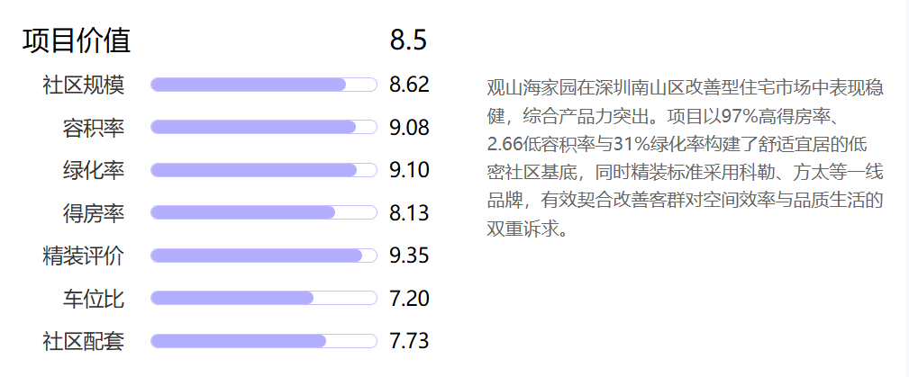 观山海家园的核心价值在于其在前海高强度开发区域中提供了稀缺的低密度、生态化居住体验,比如超低容积率,项目容积率仅约2.65-2.66,远低于前海片区普遍4.8以上的容积率,是片区罕见的小高层纯商品房社区。此外是优质生态资源,背靠大南山,部分户型可享270°山景,社区内打造约4.2万㎡度假式园林及水庭院瀑布,实测负氧离子浓度高,形成了显著的生态健康卖点。主力户型为95-138㎡的三至四房,通过拓展设计,得房率高达95%-97%,空间利用率佳。尤其是138㎡楼王户型为2梯2户板楼设计,私密性突出。因此,项目价值评分8.5分,在容积率、得房率以及精装评价上,均获得高水平得分。
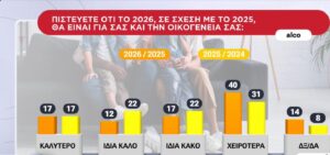 Περισσότεροι από τέσσερις στους δέκα πολίτες δηλώνουν ότι το 2025 ήταν «χειρότερο» από το 2024, σύμφωνα με το δεύτερο μέρος της δημοσκόπησης της Alco, ενώ ανήσυχοι εμφανίζονται ως προς το 2026 και αν θα μπορούν να τα βγάλουν πέρα.
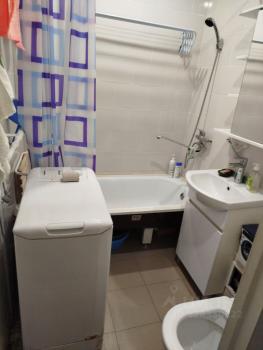 В квартире сделан косметический ремонт. Просторная комната обставлена необходимой мебелью, есть удобный диван и шкаф. На кухне также есть вся необходимая мебель и техника: холодильник, телевизор и стиральная машина. Санузел совмещенный, есть ванна.
* * * * *
Type the listing out again word for word, passing over each picture.

- **ANSWER SECTION**:
 观山海家园的核心价值在于其在前海高强度开发区域中提供了稀缺的低密度、生态化居住体验,比如超低容积率,项目容积率仅约2.65-2.66,远低于前海片区普遍4.8以上的容积率,是片区罕见的小高层纯商品房社区。此外是优质生态资源,背靠大南山,部分户型可享270°山景,社区内打造约4.2万㎡度假式园林及水庭院瀑布,实测负氧离子浓度高,形成了显著的生态健康卖点。主力户型为95-138㎡的三至四房,通过拓展设计,得房率高达95%-97%,空间利用率佳。尤其是138㎡楼王户型为2梯2户板楼设计,私密性突出。因此,项目价值评分8.5分,在容积率、得房率以及精装评价上,均获得高水平得分。
 Περισσότεροι από τέσσερις στους δέκα πολίτες δηλώνουν ότι το 2025 ήταν «χειρότερο» από το 2024, σύμφωνα με το δεύτερο μέρος της δημοσκόπησης της Alco, ενώ ανήσυχοι εμφανίζονται ως προς το 2026 και αν θα μπορούν να τα βγάλουν πέρα.
 В квартире сделан косметический ремонт. Просторная комната обставлена необходимой мебелью, есть удобный диван и шкаф. На кухне также есть вся необходимая мебель и техника: холодильник, телевизор и стиральная машина. Санузел совмещенный, есть ванна.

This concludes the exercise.